Acknowledgements

THINGS WE DID NOT KNOW about cricket in Australia made me curious and made me embark on this book. Soon after, sitting in front of my video cassette recorder, I was reminded of something we used to know but have forgotten: that a batsman, even a Test batsman, even a Test batsman who’s captain, can leap out of his crease and play strokes purely for the thrill and perfection of the stroke itself. For batting with so little regard for his own average, thank you Kim Hughes.

Old cricketers, cricket personalities and other characters in this story were honest and full of goodwill. Sometimes a long letter was help enough. In most instances they sat with me and talked, often passionately, about things they had puzzled over many times before but not in the company of someone holding a tape recorder. I am grateful to them all for their trust and kindness.
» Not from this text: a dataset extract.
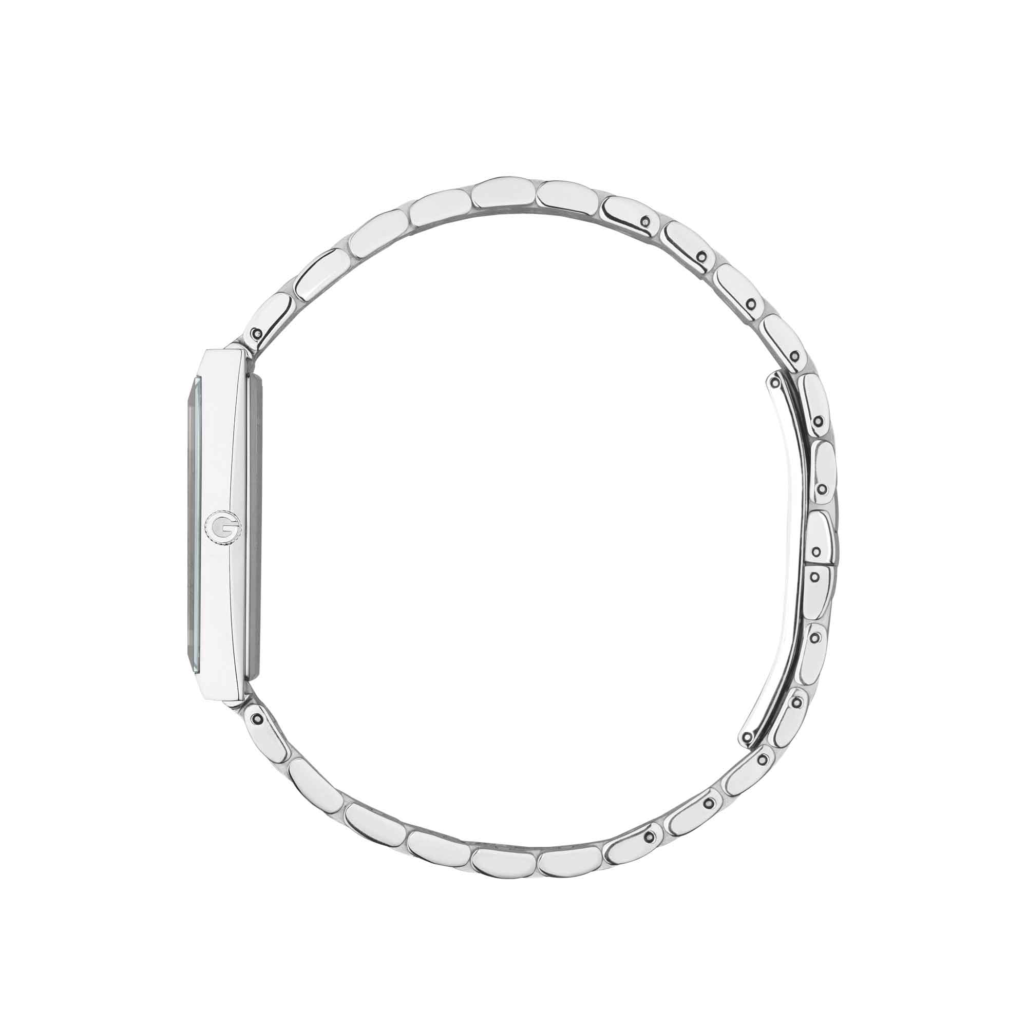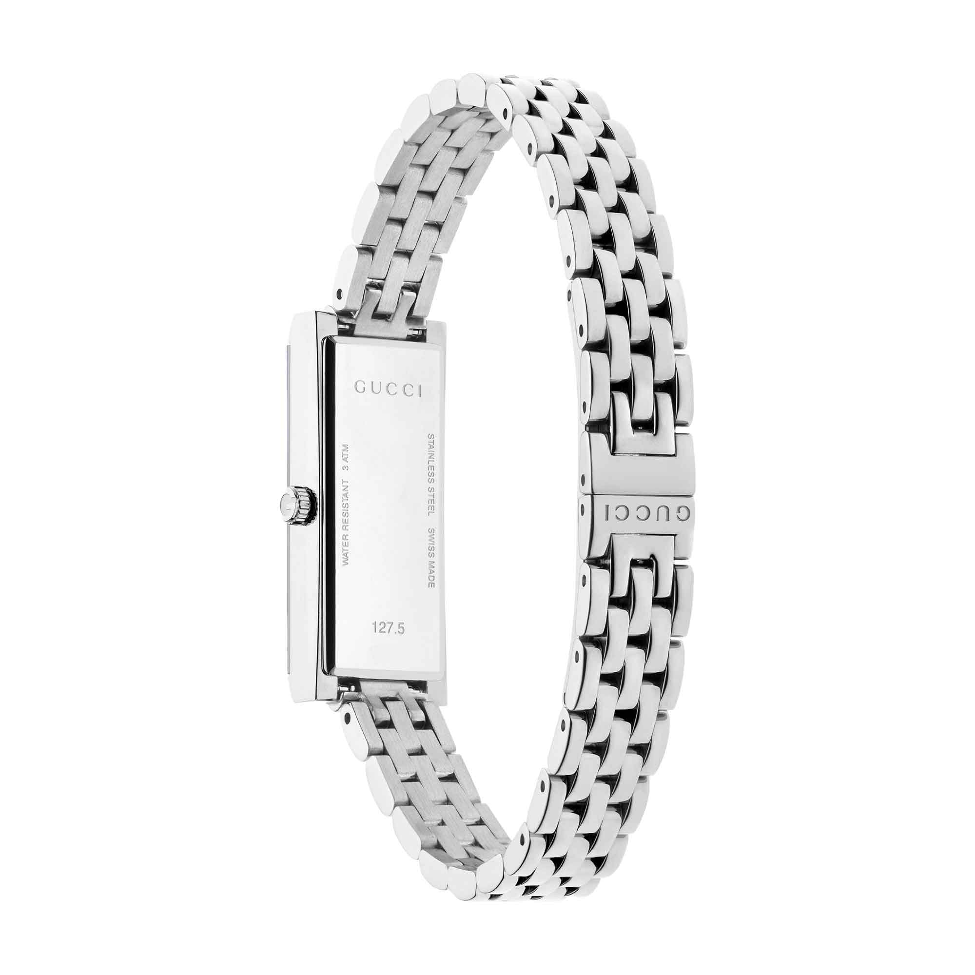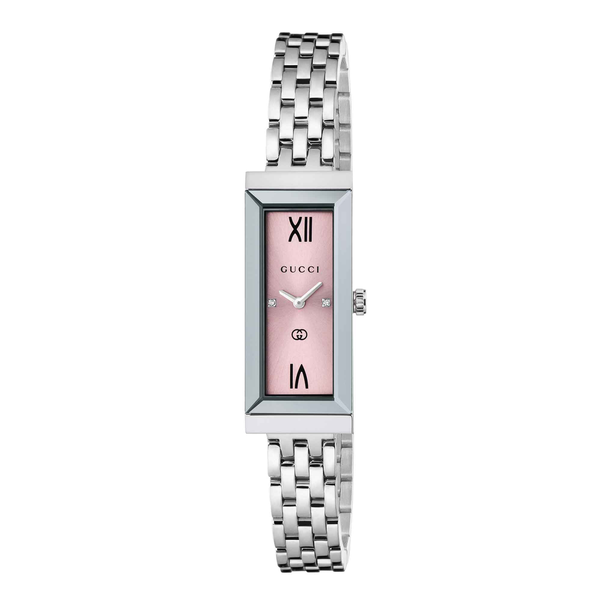 La collezione G-Frame unisce dettagli della tradizione con un’estetica contemporanea, come questo orologio caratterizzato da un’elegante cassa di forma rettangolare. Dotato di cassa in acciaio inossidabile, questo accessorio è ulteriormente impreziosito da un quadrante rosa con diamanti.

‘Should you write it? You have to write it,’ said my friend Andrew Hyde when I ran the idea, as I always do, by him. Once I was too far down the road to turn back, John Harms and Gideon Haigh reassured me that the road would indeed have an end and that the trip would be worthwhile. Gideon’s own books have done journalists near and far a favour: never again can someone dash off a lousy book on cricket and get away with it. Tim de Lisle has long been a good friend with an uncommon interest in the state of my sentences. Julia Matthews, John Rogers, Barry Nicholls, Mark Ray and Peter English always gave me whatever I was searching for, and then some. Thanks too to Stephen Gray, Geoff Lawson, Steven Lynch, Sambit Bal, John Benaud, Paul Daffey, Bill Reynolds, Lucas Carter and David Frith for their thoughtful nudges, and to Patrick Gallagher and Angela Handley at Allen & Unwin for their encouragement and good cheer in the face of all those blown-out deadlines.

So many hundreds of my recent days have been spent inside Australia’s libraries. Especially helpful were David Studham, always welcoming and wise, at the Melbourne Cricket Club library; Steve Howell at the State Library of Western Australia; Zsuzsi Szucs at the National Film and Sound Archive; and staff at ABC archives, Geraldton Library and the State Library of Victoria. Alexandra Payne, Michelle and Brett Robinson, and myriad Ryans (Belinda, Katharine, Cassie, Gemma, Susan, Xavier and Jayden) let a travelling journalist with no budget and a long list of interviewees come to stay. Monica Dux, Kris Mrksa, Jenny Macmillan, Mark Picinali, Sibylle Brautigam, Peter Delis, Anna and James Smallclough, Ellie Smith, Sam Pang and Shoppy Bailey were nice to a pretty dull friend.

Thanks, and sorry, to Mary Small most of all. When sneakers or jumpers grew holes, she’d come home with new ones. Mary lost her front room and someone to go out with at night and on weekends. She never lost her sunniness, her belief in me, her love, or her curls.